Similar to previous laboratory and clinical assessments, the researchers found that a larger maximum trunk angle-;that is, leaning further forward-;when standing could predict osteoarthritis, even when controlling for a variety of factors, such as age, sex, or body mass index (BMI). Like previous biomechanical studies, the tool found that longer times to complete the sit-to-stand test were associated with a lower physical health score, a higher BMI, and older age. These results suggest that at-home smartphone-based assessments may be feasible for future biomechanical studies.
Because their trial had a diverse participant population, the researchers were able to evaluate how demographic factors might be associated with biomechanical differences. When they compared the two largest ethnic groups in their study, they found that the 243 white participants had significant differences in trunk angle during the sit-to-stand test compared with the 103 Asian participants, even after taking other variables into account. “This finding indicates that we can’t assume similarities across racial and ethnic groups and highlights the importance of more diverse samples in biomechanical studies,” said Boswell. “These functional differences are likely due to underlying factors like mobility or strength, or even health inequities, that weren’t captured in this study.”

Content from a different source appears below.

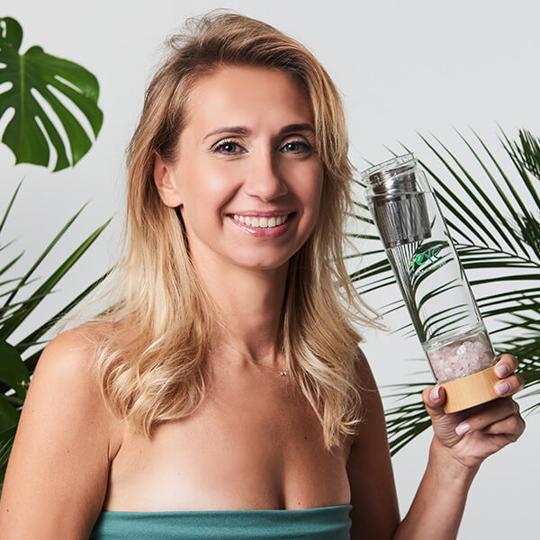 - Zamknij butelkę za pomocą drewnianego wieczka i korzystaj z niej podczas dnia. Ciesz się aromatem i smakiem napoju wzbogaconego o naturalne właściwości kamieni kwarcu.
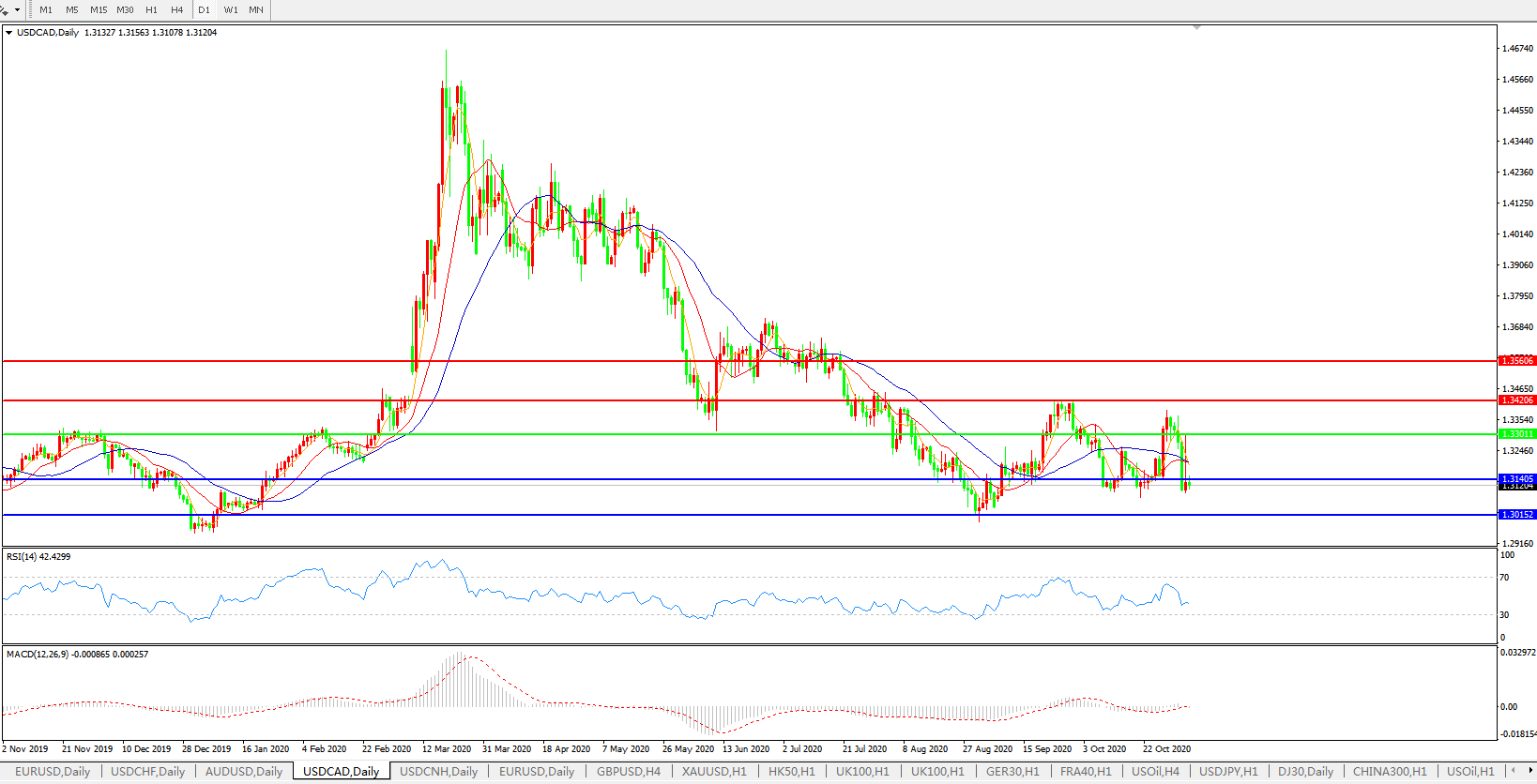 美元兑加元USDCAD 日线图:

The researchers also found a biomechanical feature (specifically, leaning forward more quickly when standing) that was significantly associated with a higher mental health score. “It is exciting to see potential relationships between mental health and how we move,” Boswell said. She stressed, however, that the relationships between biomechanical differences and race/ethnicity or mental health status observed in their study are mainly hypothesis-generating and will require follow-up research.
“This study highlights that self-collected data can be used to assess physical function and musculoskeletal health, allowing patients to participate in a biomechanical study from the comfort of their own home,” said Moria Bittmann, Ph.D., a program director in the division of Discovery Science & Technology at the National Institute of Biomedical Imaging and Bioengineering (NIBIB). “Studies like these provide additional evidence that smartphone-based applications can help facilitate decentralized clinical trials and can empower individuals to take an active role in their health.”
“New and improved machine learning tools are constantly being developed to estimate human motion (and much more), which have the potential to have a profound impact on health care through mobile health monitoring,” said senior study author Scott Delp, Ph.D., a professor at Stanford University and director of the NIH-funded Mobilize Center. “But merely building new AI tools is not enough. To truly make an impact, we need to translate these new tools into the world, make them usable for the average person and for vulnerable populations, and rigorously evaluate their ability to give insights into important clinical measures.”
This study was supported by the Mobilize Center, which is funded by a grant from NIBIB and the Eunice Kennedy Shriver National Institute of Child Health and Human Development (NICHD; P41EB027060) and the Restore Center, a Medical Rehabilitation Research Resource that is supported by NICHD and the National Institute of Neurological Disorders and Stroke (NINDS; P2CHD101913). This study also received support from the National Science Foundation (DGE-1656518).
Boswell, M. A., et al. (2023). Smartphone videos of the sit-to-stand test predict osteoarthritis and health outcomes in a nationwide study. Npj Digital Medicine. doi.org/10.1038/s41746-023-00775-1.